What you should do: Needed from the data below: every line from the one with "本设备广泛应用于医药、食品、化工、饲料、农药行业中的干粉、粒料的混合机。" up to and including the one with "表演结束后,同学们争相与仪仗", repeated exactly and with nothing else.

Provided records:
- - -

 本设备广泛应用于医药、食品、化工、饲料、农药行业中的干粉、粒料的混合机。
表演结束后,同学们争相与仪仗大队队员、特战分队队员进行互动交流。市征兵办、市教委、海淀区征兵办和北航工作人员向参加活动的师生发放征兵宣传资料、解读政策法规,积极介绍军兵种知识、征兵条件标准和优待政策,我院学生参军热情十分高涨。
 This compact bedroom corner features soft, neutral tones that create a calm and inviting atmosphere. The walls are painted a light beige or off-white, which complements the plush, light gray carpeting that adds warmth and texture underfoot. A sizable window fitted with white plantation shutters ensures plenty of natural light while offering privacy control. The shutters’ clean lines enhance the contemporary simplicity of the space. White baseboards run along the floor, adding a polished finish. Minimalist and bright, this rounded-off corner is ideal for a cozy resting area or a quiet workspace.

- - -

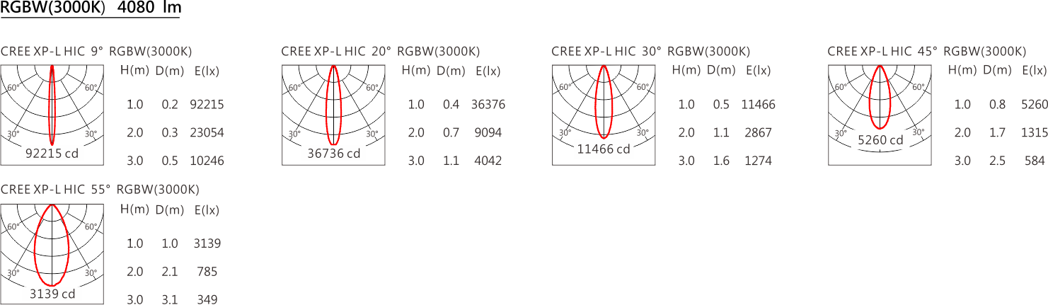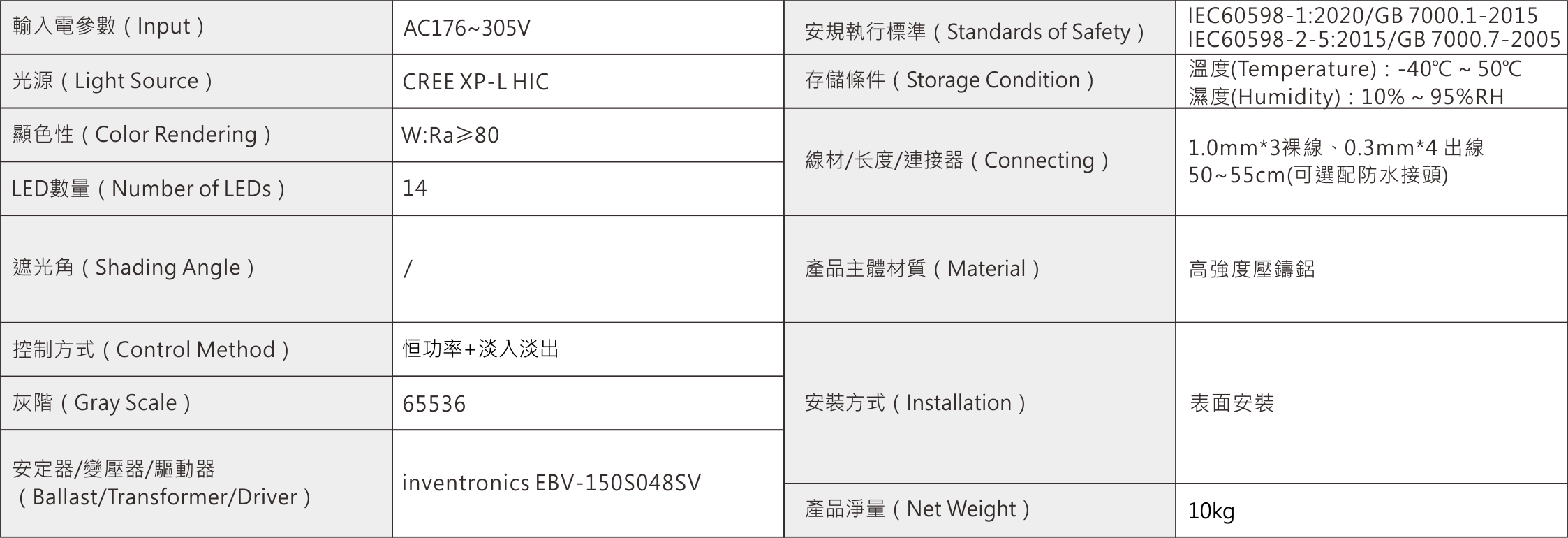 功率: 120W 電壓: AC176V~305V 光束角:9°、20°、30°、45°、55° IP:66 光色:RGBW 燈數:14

- - -

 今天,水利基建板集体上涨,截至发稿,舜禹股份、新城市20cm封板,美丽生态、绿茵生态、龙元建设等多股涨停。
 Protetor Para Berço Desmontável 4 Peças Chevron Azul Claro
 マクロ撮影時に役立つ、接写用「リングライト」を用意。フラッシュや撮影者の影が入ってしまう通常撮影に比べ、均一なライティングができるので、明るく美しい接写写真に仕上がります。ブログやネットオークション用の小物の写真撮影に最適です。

- - -

Task result:
 本设备广泛应用于医药、食品、化工、饲料、农药行业中的干粉、粒料的混合机。
表演结束后,同学们争相与仪仗大队队员、特战分队队员进行互动交流。市征兵办、市教委、海淀区征兵办和北航工作人员向参加活动的师生发放征兵宣传资料、解读政策法规,积极介绍军兵种知识、征兵条件标准和优待政策,我院学生参军热情十分高涨。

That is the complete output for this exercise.